COMPARATVE EVALUATION OF FAILURE LOAD OF TWO DESIGNS CAD/CAM ZIRCONIA FIXED PARTIAL DENTURES USING LASER SCANNING CONFOCAL MICROSCOPY

Document Type : Original Article

Authors

1 Instructor at the Conservative Dentistry Department, Faculty of Dentistry, Alexandria University, Alexandria, Egypt

2 -Professor of Fixed Prosthodontics, Conservative Dentistry Department, Faculty of Dentistry, Alexandria University, Alexandria, Egypt.
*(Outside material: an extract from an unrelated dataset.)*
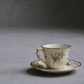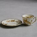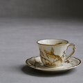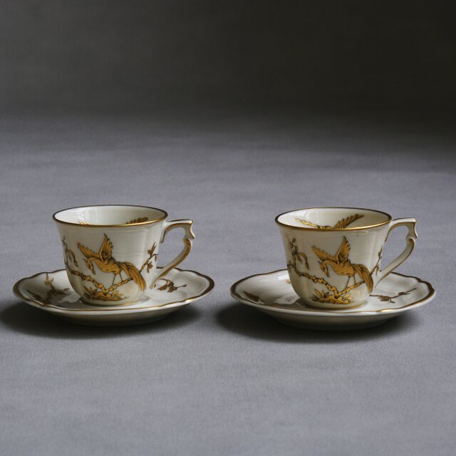 1863年創業のリモージュ最大の名窯と言われフランスを代表する磁器ブランド、BERNARDAUD(ベルナルド)が1957年4月にイギリスのエリザベス女王のフランス訪問時のレセプションの為に製作し、限定販売されたモデル。上品なアイボリーカラーの磁器に、金彩で鳳凰や草花がとても繊細に美しく描かれています。デミタスカップサイズの小さく華奢で上品な佇まいが更に美しさを引き立てます。とても希少な未使用の優れたコンディションも魅力。コレクターには堪らないペアセットです。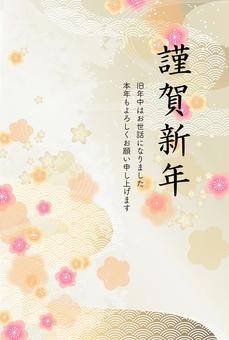 和柄うめの和紙風背景 年賀状素材

3 Professor of Dental Biomaterials, Dental Biomaterials Department, Faculty of Dentistry, Alexandria University, Alexandria, Egypt.

Abstract

INTRODUCTION: Chipping of the porcelain veneer was a common failure of zirconia based restorations, especially in the presence of high occlusal loads. The development of full-contour monolithic zirconia (MZ) restorations promises an end to the heartbreak of fractured esthetic porcelain on posterior restorations. The clinical recommended thickness of zirconia monolithic restorations has not been reported. It is essential to find out a proper thickness guarantee not only the load bearing capacity but also conservation of dental hard tissues. OBJECTIVES: was to evaluate the failure load of two different preparation designs – (classical and conservative) – in three units monolithic zirconia fixed partial dentures. MATERIALS AND METHODS: 2 parallel groups (n = 5/group) examined in this study. Group I: Classical tooth preparation design with occlusal reduction of 1.5 mm and rounded 1 mm finish line. Group II: Conservative tooth preparation design with occlusal reduction 0.5 mm and rounded 0.2 mm finish line. All fixed partial dentures (FPDs) adhesively luted on epoxy resin dies and subjected to thermal cycling and cyclic loading corresponding to 6 months of clinical service. Specimens then loaded till failure in a universal testing machine. The load of failure recorded in Newton. Fractographic analysis was done using stereomicroscope, scanning electron microscope (SEM) and confocal laser scanning microscope (CLSM). Data statistically analyzed using Student t-test. RESULTS: None of the FPDs failed during the aging process. Mean of failure load of Group I was 1317.36 ± 186.11 N and for Group II was 1215.92 ± 217.03 N without significant difference between the groups (P =0.450). CONCLUSIONS: The conservative tooth preparation design of the posterior three units FPDs was a very good alternative to the classical one. Aging behavior, translucency testing, color reproduction and long-term clinical performance need to be further assessed before recommending this conservative FPDs design for daily practice.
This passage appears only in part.